• **Activity**
Shown below is a listing with pictures; reproduce exactly, and only, the lines between the ones containing "NWOT The Ragged" and "Dvoustupňová přepěťová ochrana", inclusive, leaving the pictures out.

• **Records**
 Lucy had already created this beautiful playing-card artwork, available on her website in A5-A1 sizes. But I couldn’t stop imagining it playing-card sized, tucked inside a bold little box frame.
* * *
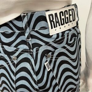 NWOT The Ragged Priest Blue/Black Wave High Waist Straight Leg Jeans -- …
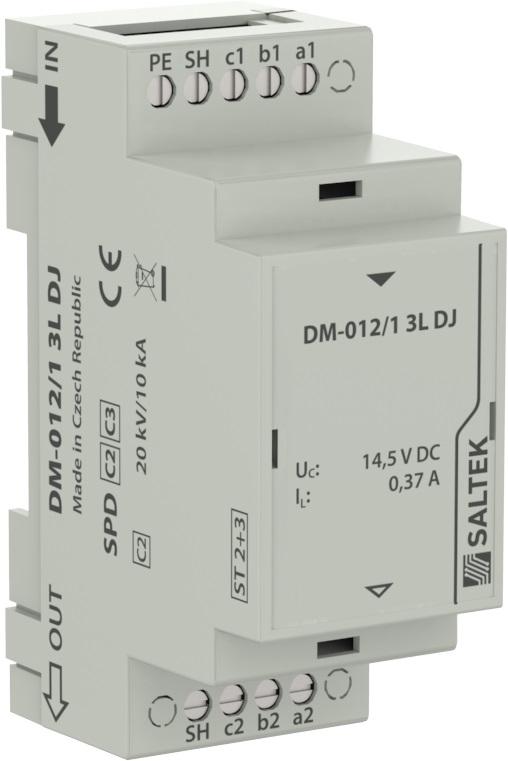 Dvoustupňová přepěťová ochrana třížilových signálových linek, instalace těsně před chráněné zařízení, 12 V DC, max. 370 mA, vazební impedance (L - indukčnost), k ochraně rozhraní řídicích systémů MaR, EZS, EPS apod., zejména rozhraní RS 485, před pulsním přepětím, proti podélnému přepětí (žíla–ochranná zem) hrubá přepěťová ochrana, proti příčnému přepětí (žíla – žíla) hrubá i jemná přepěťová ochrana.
--
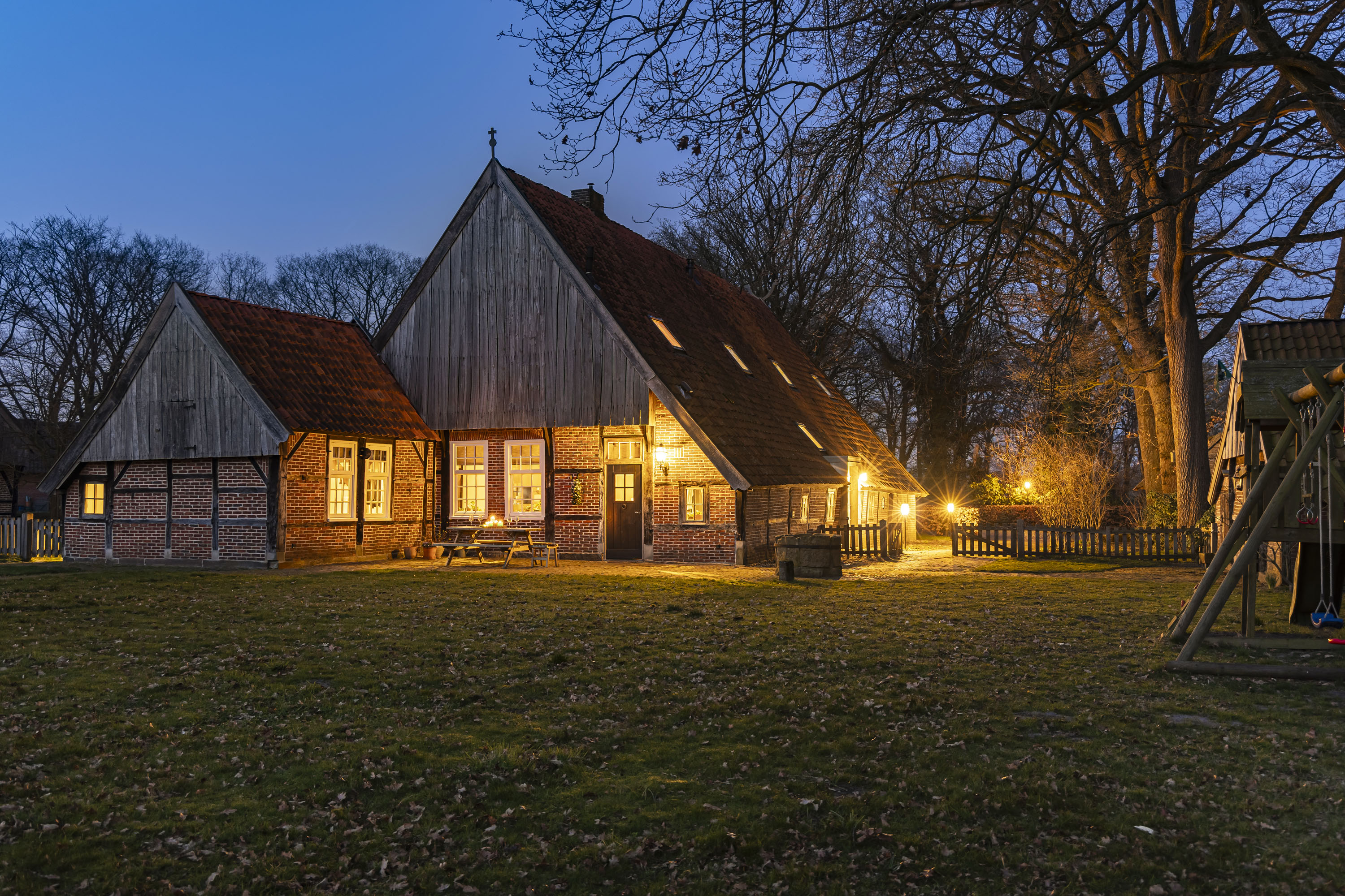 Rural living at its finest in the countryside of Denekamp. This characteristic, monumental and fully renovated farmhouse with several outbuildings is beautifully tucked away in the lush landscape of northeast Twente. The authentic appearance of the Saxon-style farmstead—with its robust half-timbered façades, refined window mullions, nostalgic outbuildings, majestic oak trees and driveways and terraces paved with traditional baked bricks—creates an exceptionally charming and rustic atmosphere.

• **Result of this task**
 NWOT The Ragged Priest Blue/Black Wave High Waist Straight Leg Jeans -- …
 Dvoustupňová přepěťová ochrana třížilových signálových linek, instalace těsně před chráněné zařízení, 12 V DC, max. 370 mA, vazební impedance (L - indukčnost), k ochraně rozhraní řídicích systémů MaR, EZS, EPS apod., zejména rozhraní RS 485, před pulsním přepětím, proti podélnému přepětí (žíla–ochranná zem) hrubá přepěťová ochrana, proti příčnému přepětí (žíla – žíla) hrubá i jemná přepěťová ochrana.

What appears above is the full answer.